The movie “In Time,” in theaters now, imagines a future where age has been cured. Characters live to be hundreds of years old, yet retain all the vitality of their youth.
This is not just a fantasy. The prospect of curing age is something we ought to take seriously, in the same way we’re serious about curing cancer or any other disease. Indeed, curing age ought to be our society’s single greatest priority.
It’s important to differentiate the two different concepts we refer to when we use the word “age.”
The first refers to how long a person has been alive. The second meaning is biological age, which is accompanied by symptoms such as wrinkles, graying hair and the deterioration of one’s physical and mental capacities. It is this latter sense of age, otherwise known as senescence, (from the same Latin root as “senility”) that is a disease.
Senescence is essentially the accumulation of damage to a person’s body over time. The damage begins in the womb before you’re even born. Your body has self-defense mechanisms that repair this damage, but at some point during middle age, the damage accumulates faster than your body can repair it. If we can improve the body’s self-repair mechanisms, we can slow down and perhaps even reverse senescent damage.
In principle, we know that senescence can be cured. In the same sense in which we know that we could cure cancer if we could just prevent cells from growing out of control, we could prevent senescence if we could prevent cell damage from accumulating in our bodies.
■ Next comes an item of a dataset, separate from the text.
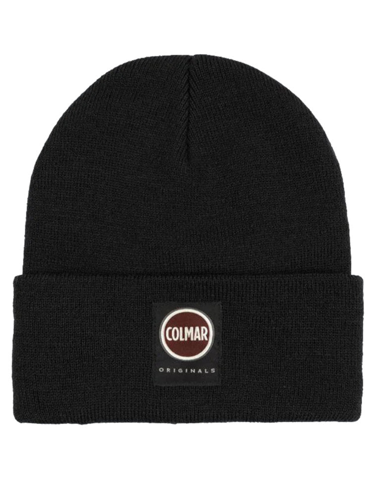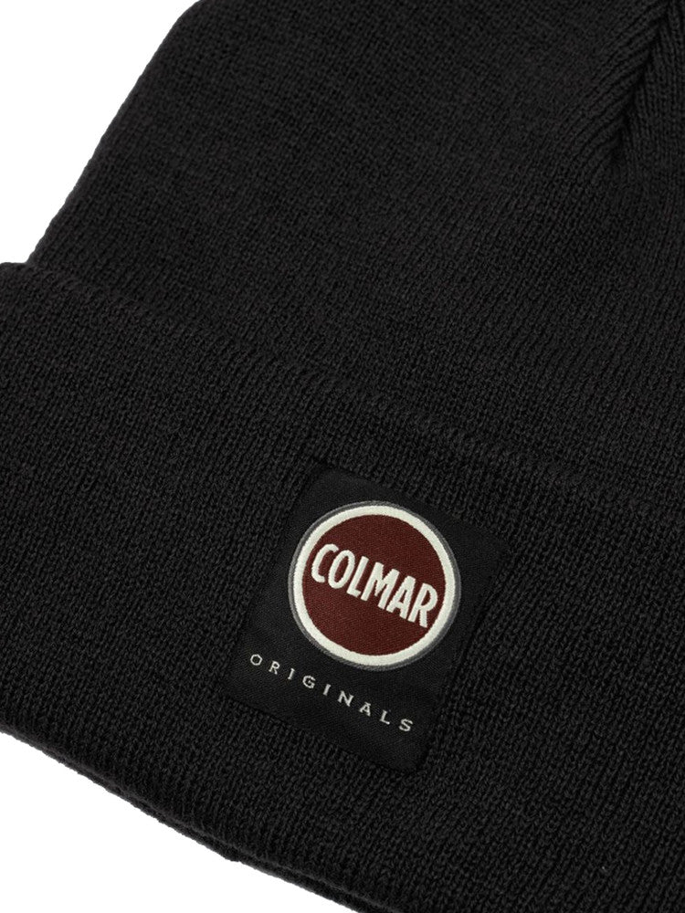 Cappello Colmar nero kids 53494QN, realizzato in morbido e caldo tessuto a tinta unita. Questo berretto Colmar nero da bambino e bambina ha il risvolto sul davanti e il patch del brand applicato sul davanti a contrasto colore.

We also have a great deal of empirical evidence to demonstrate that age is curable. Researchers have conducted a multitude of studies that demonstrate that when animals such as mice and fruit flies are placed on restricted-calorie diets, they live far longer than normal. When placed on near-starvation diets, the lifespan of mice more than doubles. Lower calorie consumption is also the primary factor that explains why women have longer average life-spans than men, (even after one takes into account the increased probability that men will die in war or crime-related violence or accidents). Essentially, the less food one consumes, the less one’s body metabolizes, which reduces the amount of damage that accumulates in the body.
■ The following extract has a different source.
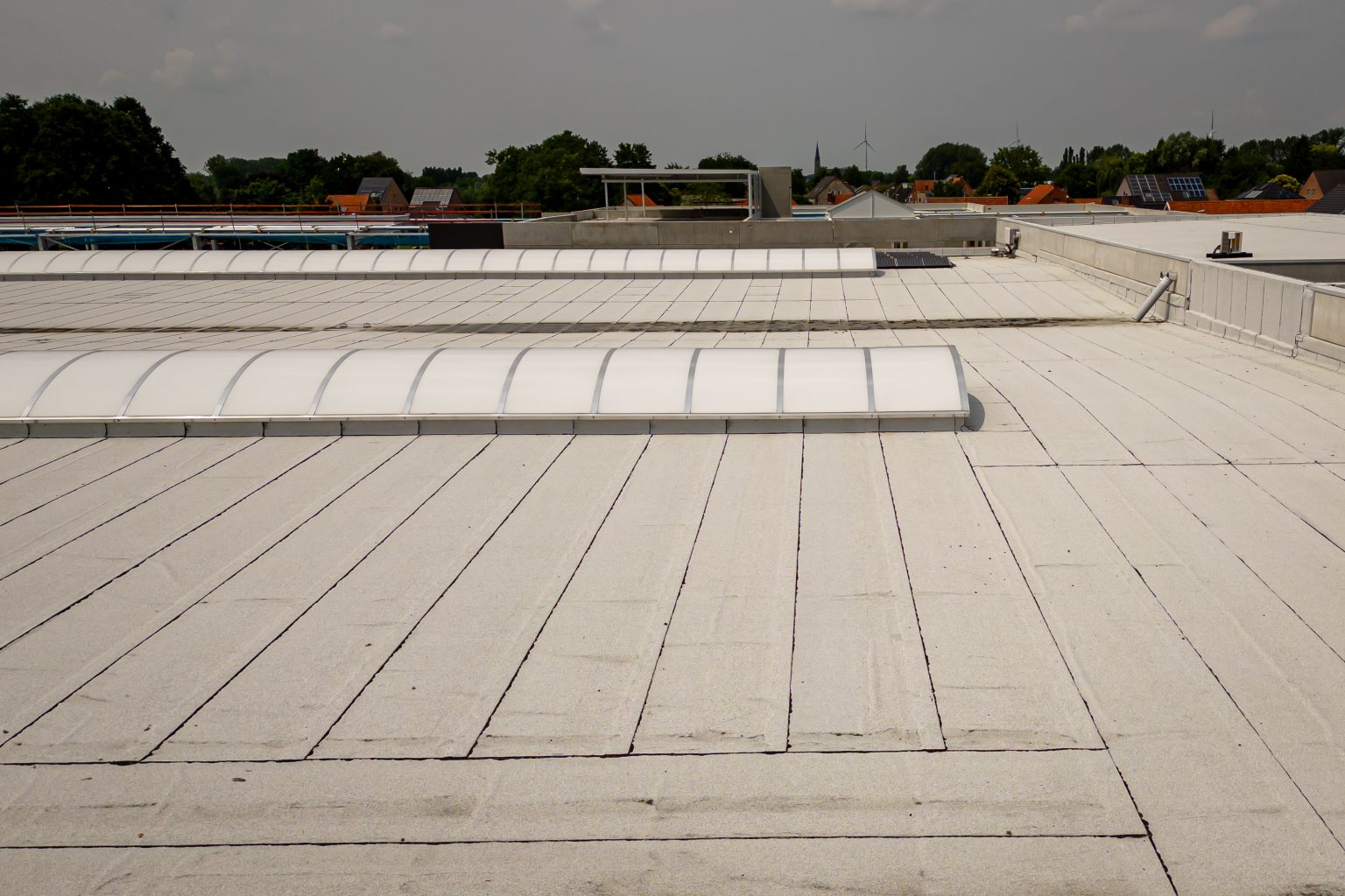 Verder stelde Soprema ook voor om te kiezen voor een mechanisch bevestigd systeem in plaats van een gelijmd systeem. “De dakmembranen kunnen op deze manier in de toekomst bij de demontage van het gebouw gemakkelijk worden gescheiden”, zegt Joeri. “Zo kunnen we het oude dakmembraan gebruiken als grondstof voor een nieuw membraan. Het membraan kan, als de klant dit wenst, over een veertigtal jaar terug opgehaald worden. Een gelijmd systeem valt achteraf moeilijker te scheiden, en is dus ook moeilijker om te recycleren.”

This is not to suggest that we should promote anorexia. First, while calorie-restriction reduces senescence, one needs to ensure adequate nutrition in one’s diet; the consequences of malnutrition are usually worse for one’s health than senescence. Second, a longer lifespan is probably not worthwhile if those extra years are filled with miserable hunger pains.
However, the fact that we understand a great deal about how senescence works, and that we have empirical evidence that the process can be slowed down, give cause for optimism that we could find an alternative mechanism to mimic the benefits of calorie restriction.
Furthermore, even if scientists are not able to make any major breakthroughs, the anti-senescence research already available offers a great deal of practical advice on an individual basis. Competitive eating contests, for instance, are inadvisable for one’s health. One should also think carefully before engaging in high-intensity exercise activities such as marathons. Contrary to what one might expect, regular marathoners do not have longer life expectancies than normal. The reason is that in order sustain that level of exercise, marathoners eat far more than average, often double or triple the normal caloric intake. The lesson is that there is a sweet spot for an ideal level of exercise: Moderate exercise is extremely healthy for an individual, but at a certain point the benefits are nullified by the increased food consumption required.
The most common objection to curing age is that it will create an enormous overpopulation problem. While that’s certainly true, reducing population growth is not an acceptable reason to refrain from curing a disease.
To illustrate the point, consider how you would react if someone told you they opposed a cure for cancer because it would exacerbate the population crisis. The only difference between curing cancer and curing senescence is that the latter would save far more lives.
“In Time” imagines a dystopian solution to the overpopulation problem, where people are simply killed off when they are no longer considered productive to society. After a person turns 25, they have one year left to live, after which they must buy “time” with either labor or commerce. If they run out of time, they die. The poor frequently die young, while the rich are functionally immortal.
While “In Time” captures the zeitgeist of widespread opposition to inequitable distribution of wealth, it fails to give a realistic account of how society would most likely react to senescence cure. Rather than increasing the death rate by killing people off, the far more likely and far more desirable reaction to overpopulation would be to reduce the birth rate by regulating reproduction. Nations would need to decide how large a population they could sustain, and limit reproduction accordingly.
Governments and universities should shift a greater proportion of their medical research toward curing age. While research on ailments such as heart disease, Alzheimer’s disease, and cancer are all worthwhile objectives, the money we spend on them is like hacking at branches when we could be solving the problem at the trunk, because young people seldom suffer from those ailments. If we can figure out how to cure senescence, we will cure those other diseases in the process. Ultimately, senescence is responsible for two-thirds of deaths worldwide, making it the most lethal disease in the world. We need to shake off our complacency and recognize age as a curable disease.